顾昭眉拧得死紧,驳道:“人无天生恶人,况且他是什么人我清楚。”
闻言叶凌怔了一瞬,像是听到了什么不可思议的话,定定看向顾昭,声音带着一种难以置信的哑意:“……你不是最讨厌这些了吗?”
“你难道以为他还是无辜的吗?”叶凌被顾昭这副姿态深深刺痛了,越发口无遮拦起来,“他就是天生的,天生的恶!天生的脏!”
顾昭捂住殷寂的双耳:“够了。”
“够了?他都这样了你还护着他?”叶凌想去拉扯顾昭,却被顾昭躲开:“凭什么,凭什么!凭什么我只是养了几只蛊你就对我厌恶至极?”
“就凭你练蛊是会害人!我是在替你赎业,收手吧叶凌。”
“谁要你赎业!我做错了什么?”叶凌吼道,声音里带着一丝连他自己都没察觉的颤抖,“我做错了什么……我只是想报仇……”
“没做错就把伏尸蛊解了。”
“你做梦!”
“没什么好谈的了……”
顾昭抬手将暗镖一掷,暗器直直插入叶凌的心口,她便不再理会,绕开叶凌径直走了。
叶凌身躯一点点化为飞灰,看着顾昭离开的背影,咬牙切齿道:“……好狠的心,好不公平啊,凭什么你这么护着他!”

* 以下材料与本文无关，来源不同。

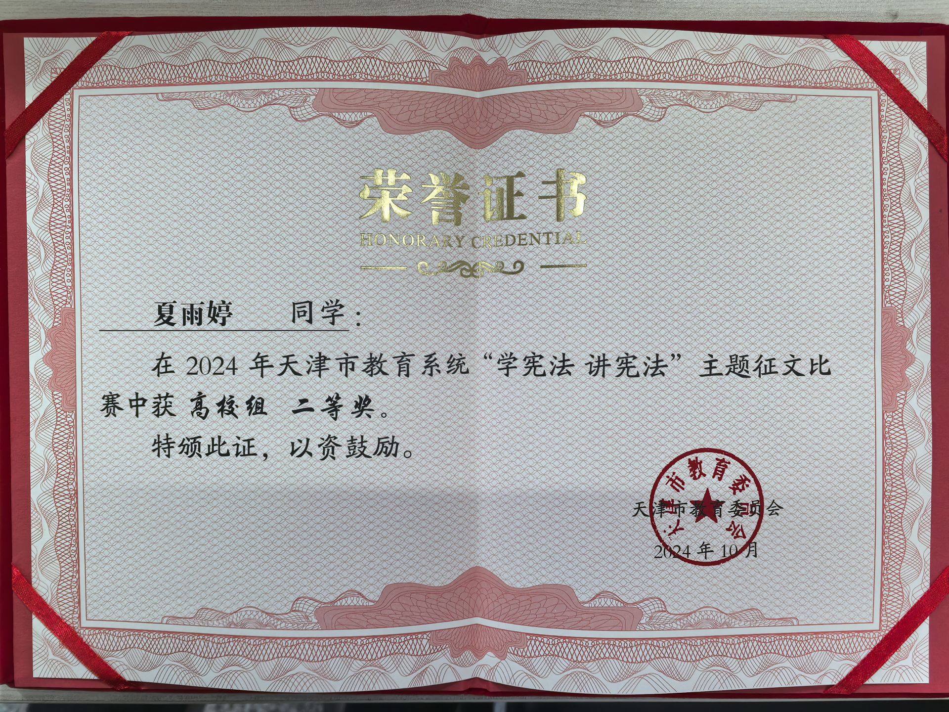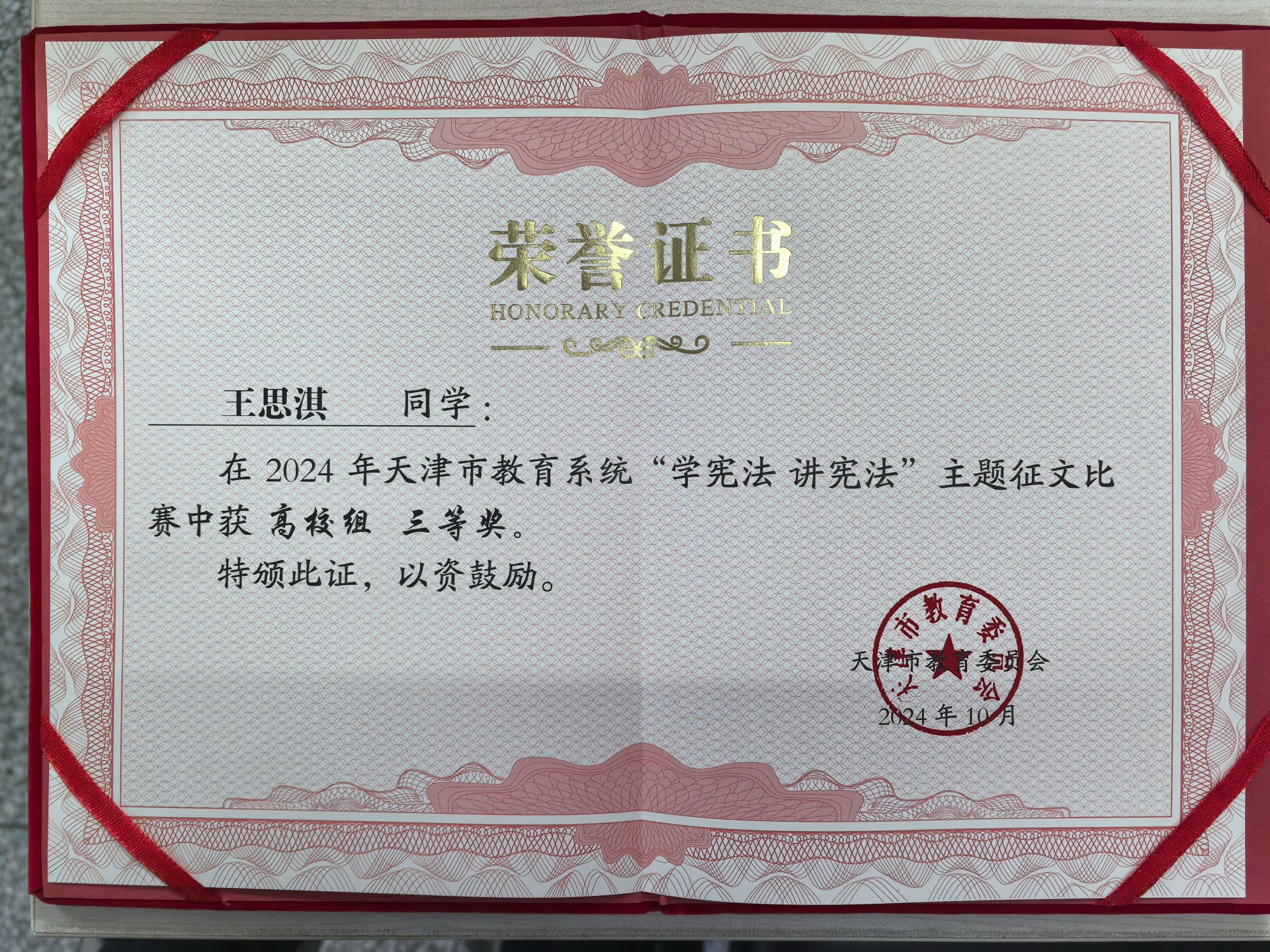 近日,天津市教育委员会公布了天津市教育系统2024年“学宪法 讲宪法”主题征文比赛获奖名单。法学院法学2305班学生夏雨婷、王思淇分别斩获二等奖、三等奖。

殷寂气息奄奄,还是断断续续地说:“国师……你信我,我没做过恶事。”
顾昭脚步很急:“我知道的,你别说话了,我们先回宫。”
留守的侍从见这情景大惊失色,二人身上都染了血:“国师这……”
“回宫,快!”
马车跑得很快,顾昭怕颠到殷寂,便将殷寂抱在怀中。
殷寂的脸色很白,手紧攥着顾昭的袖子:“国师……我是不是又惹麻烦了?”
“没事的没事的。”顾昭握住殷寂冰凉的手,“还有我在,没事的……”
“嗯……”殷寂靠在顾昭怀里沉沉睡去。
马车走的很快,顾昭遣人先行去宫中报信,也不顾什么礼仪宫规了,马车一路行至殷寂殿外。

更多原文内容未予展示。